• **Requirement**: Nothing but the lines below from the one that contains "Ending up at" through the one that contains "Enero es uno" should be retyped, exactly and including both ends. Do not include pictures.

• **Provided data**:
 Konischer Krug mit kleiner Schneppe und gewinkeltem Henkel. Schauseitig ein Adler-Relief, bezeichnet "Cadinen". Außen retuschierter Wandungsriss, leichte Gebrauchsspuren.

...

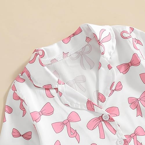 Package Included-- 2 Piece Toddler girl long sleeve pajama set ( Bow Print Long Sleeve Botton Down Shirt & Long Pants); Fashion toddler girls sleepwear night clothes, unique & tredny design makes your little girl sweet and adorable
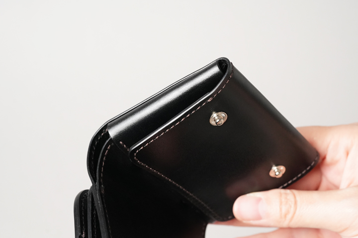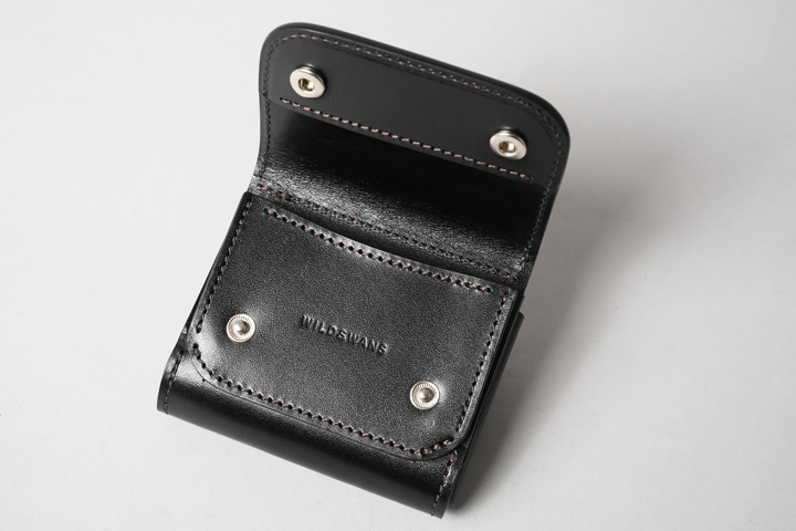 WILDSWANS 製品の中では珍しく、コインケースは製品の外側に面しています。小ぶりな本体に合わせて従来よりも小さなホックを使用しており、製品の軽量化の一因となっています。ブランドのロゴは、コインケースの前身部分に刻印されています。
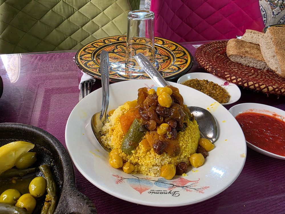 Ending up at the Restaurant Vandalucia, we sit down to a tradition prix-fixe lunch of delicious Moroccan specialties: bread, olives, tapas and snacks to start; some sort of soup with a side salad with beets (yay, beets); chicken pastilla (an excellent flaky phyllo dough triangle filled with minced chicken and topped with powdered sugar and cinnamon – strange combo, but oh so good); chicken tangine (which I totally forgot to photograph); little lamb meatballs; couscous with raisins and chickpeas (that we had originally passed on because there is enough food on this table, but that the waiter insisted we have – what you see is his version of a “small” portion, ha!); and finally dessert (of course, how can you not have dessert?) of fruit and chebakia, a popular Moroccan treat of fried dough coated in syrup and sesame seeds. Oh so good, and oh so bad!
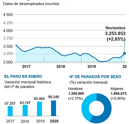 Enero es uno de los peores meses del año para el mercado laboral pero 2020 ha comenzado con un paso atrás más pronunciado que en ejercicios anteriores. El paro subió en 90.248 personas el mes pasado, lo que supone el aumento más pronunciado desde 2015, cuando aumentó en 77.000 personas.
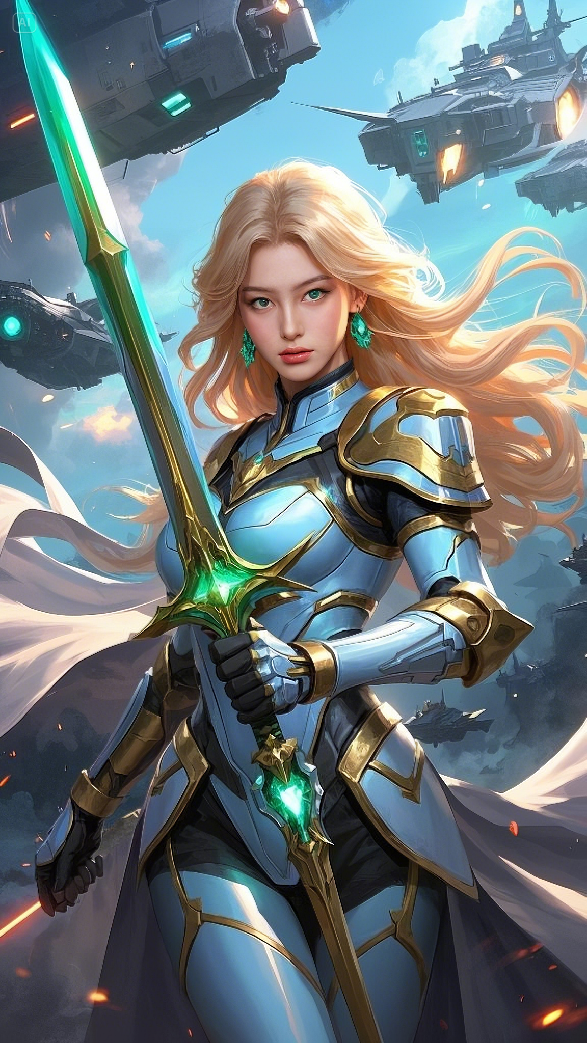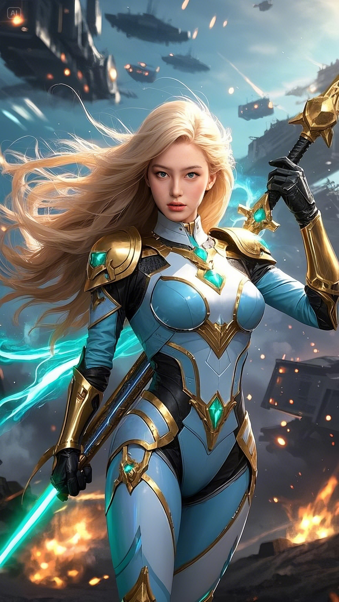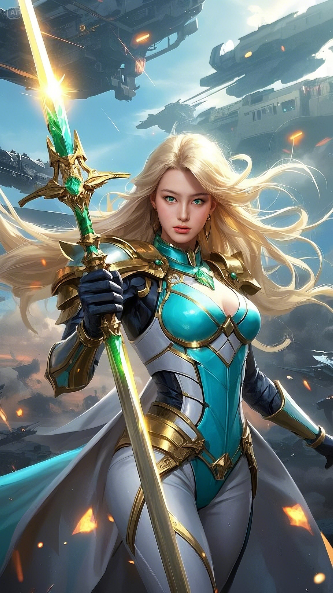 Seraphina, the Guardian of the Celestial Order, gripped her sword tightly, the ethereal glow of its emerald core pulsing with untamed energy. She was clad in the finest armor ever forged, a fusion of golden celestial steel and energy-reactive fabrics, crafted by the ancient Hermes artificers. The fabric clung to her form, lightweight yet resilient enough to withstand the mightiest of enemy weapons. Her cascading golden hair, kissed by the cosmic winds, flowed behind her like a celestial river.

• **Solution below**:
 Ending up at the Restaurant Vandalucia, we sit down to a tradition prix-fixe lunch of delicious Moroccan specialties: bread, olives, tapas and snacks to start; some sort of soup with a side salad with beets (yay, beets); chicken pastilla (an excellent flaky phyllo dough triangle filled with minced chicken and topped with powdered sugar and cinnamon – strange combo, but oh so good); chicken tangine (which I totally forgot to photograph); little lamb meatballs; couscous with raisins and chickpeas (that we had originally passed on because there is enough food on this table, but that the waiter insisted we have – what you see is his version of a “small” portion, ha!); and finally dessert (of course, how can you not have dessert?) of fruit and chebakia, a popular Moroccan treat of fried dough coated in syrup and sesame seeds. Oh so good, and oh so bad!
 Enero es uno de los peores meses del año para el mercado laboral pero 2020 ha comenzado con un paso atrás más pronunciado que en ejercicios anteriores. El paro subió en 90.248 personas el mes pasado, lo que supone el aumento más pronunciado desde 2015, cuando aumentó en 77.000 personas.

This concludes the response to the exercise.